The RHD is a protein domain found in eukaryotic transcription factors composed of two immunoglobulin-like β-barrel subdomains that grip the DNA in the major groove. The first subdomain, referred to as the N-terminal specificity domain, N-RHD, contains recognition loops that interact with DNA bases. The second subdomain, referred to as the C-terminal dimerization domain, C-RHD, contains in addition protein-protein interaction sites and is analogous to the EBF IPT/TIG domain.

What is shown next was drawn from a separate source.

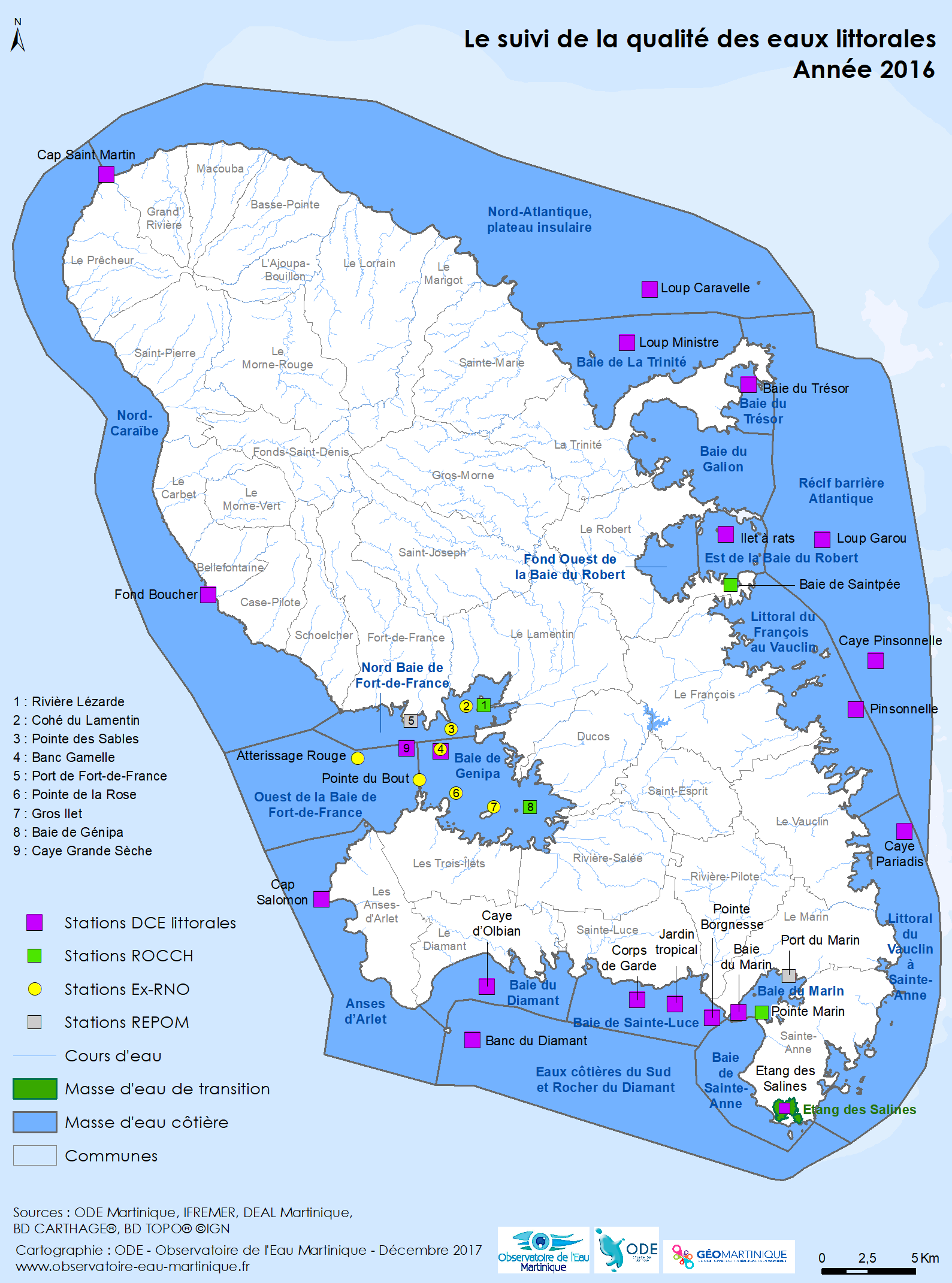 Stations de suivi de la qualité des eaux littorales de Martinique – Année 2016

The overall structure of EBF DBD reveals an antiparallel β-barrel comprised of nine strands arranged into sheets (Fig. 1B). Although superposition of the EBF DBD β-barrel core with other RHD-containing proteins reveals similar topology, the emanating loops are quite distinct. A characteristic feature in the EBF DBD is the presence of a zinc binding motif termed the “EBF zinc knuckle,” coined by Fields et al. (24). This HCCC zinc binding pattern is one of the more uncommon zinc coordination motifs (25) (Fig. 1C), and searches for similar structural motifs in the PDB with SPASM (26) using either the whole knuckle sequence or only the zinc-coordinating residues did not result in any significant hits.

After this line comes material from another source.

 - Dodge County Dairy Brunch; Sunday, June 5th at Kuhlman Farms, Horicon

In addition to the structure maintaining zinc-coordinating residues, mutational studies have identified a set of residues important for DNA interaction; Arg-163 has been shown to be absolutely required for DNA binding, while mutation of Lys-167, Lys-168, Asn-172, and Asn-174, all in the knuckle region, affect DNA binding negatively (24). The EBF zinc knuckle structure shows that the α-α motif positions these residues accessibly for interaction with DNA. Further examination of the electrostatic properties of the surface of the EBF DBD reveals a positively charged groove available for interaction with DNA (Fig. 1D). Residue His-235, also found to be crucial for DNA interaction by mutagenesis, is found in the vicinity of this area.

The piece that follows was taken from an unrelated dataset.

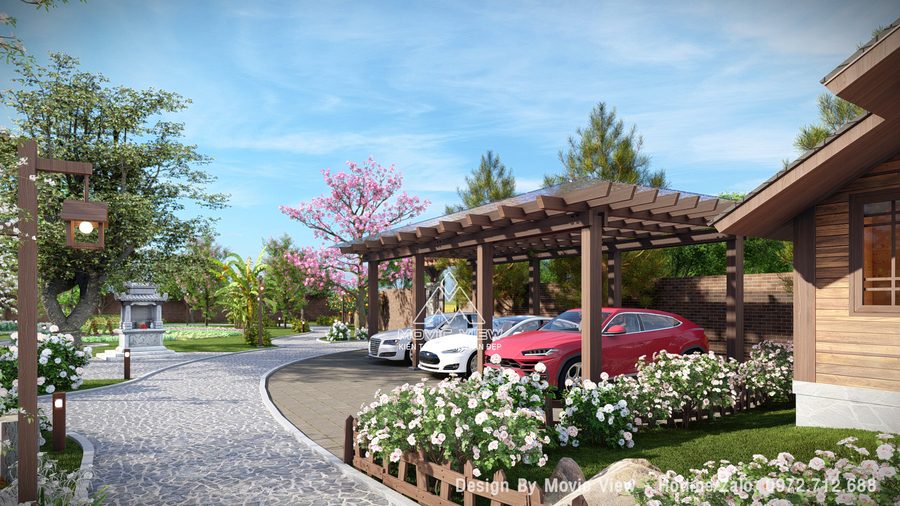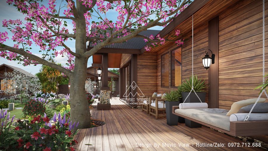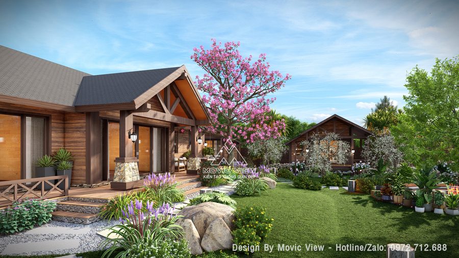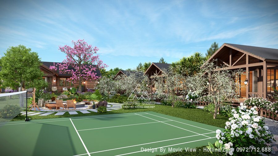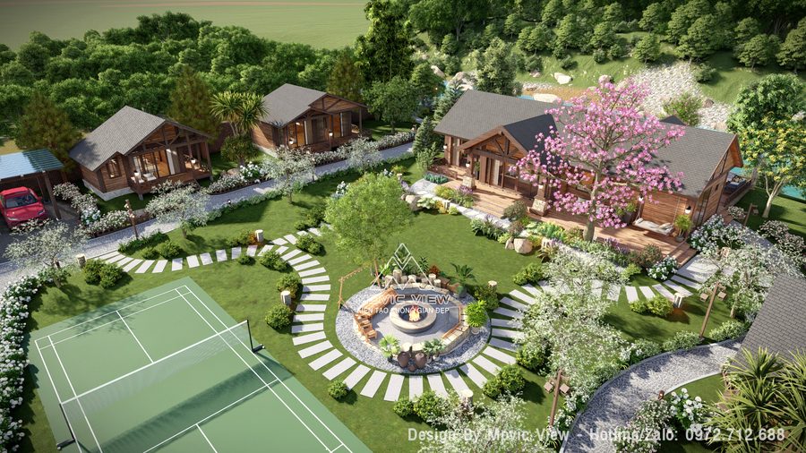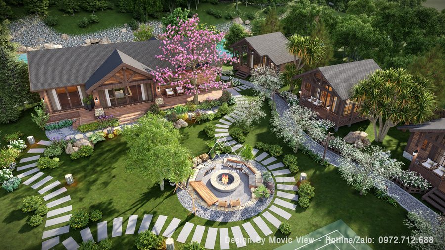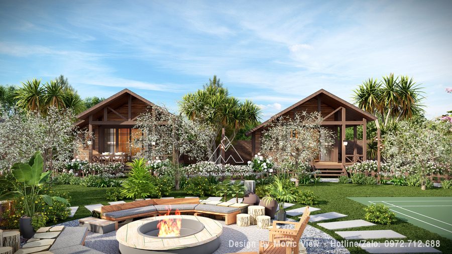Sân ở giữa làm lõi cảnh quan, tạo sân BBQ, lửa trại, vị trí gần nhà chính và bungalow, thuận tiện cho các thành viên ngồi quây quần bên nhau.

Structure of the IPT/TIG Domain

Structures were determined for the IPT/TIG domains of both EBF1 and EBF3 (PDB ID: 3MQI and 3MUJ, respectively) (Fig. 2A). Sequence alignment of these two IPT/TIG domains reveals 98% sequence identity, and the resulting crystal structures are very similar, with superposition showing root mean square Cα-Cα distance of 0.72 Å over an 83-residue range. The structures reveal an immunoglobulin-like fold, confirming that they belong to the IPT/TIG domain family (Pfam: TIG: PF01833), which is similar to the C-RHD subdomain (Fig. 2B). This strengthens the structural similarities with the RHD family. TIG domains are typically found in transcription factors but also in cell surface receptors such as Met and Ron (27) and typically exhibit three different topologies (28). The EBF structures presented here reveal a NF-κB-type TIG topology that has several roles; it is involved in DNA binding and/or dimerization but has also been implicated in protein-protein interactions.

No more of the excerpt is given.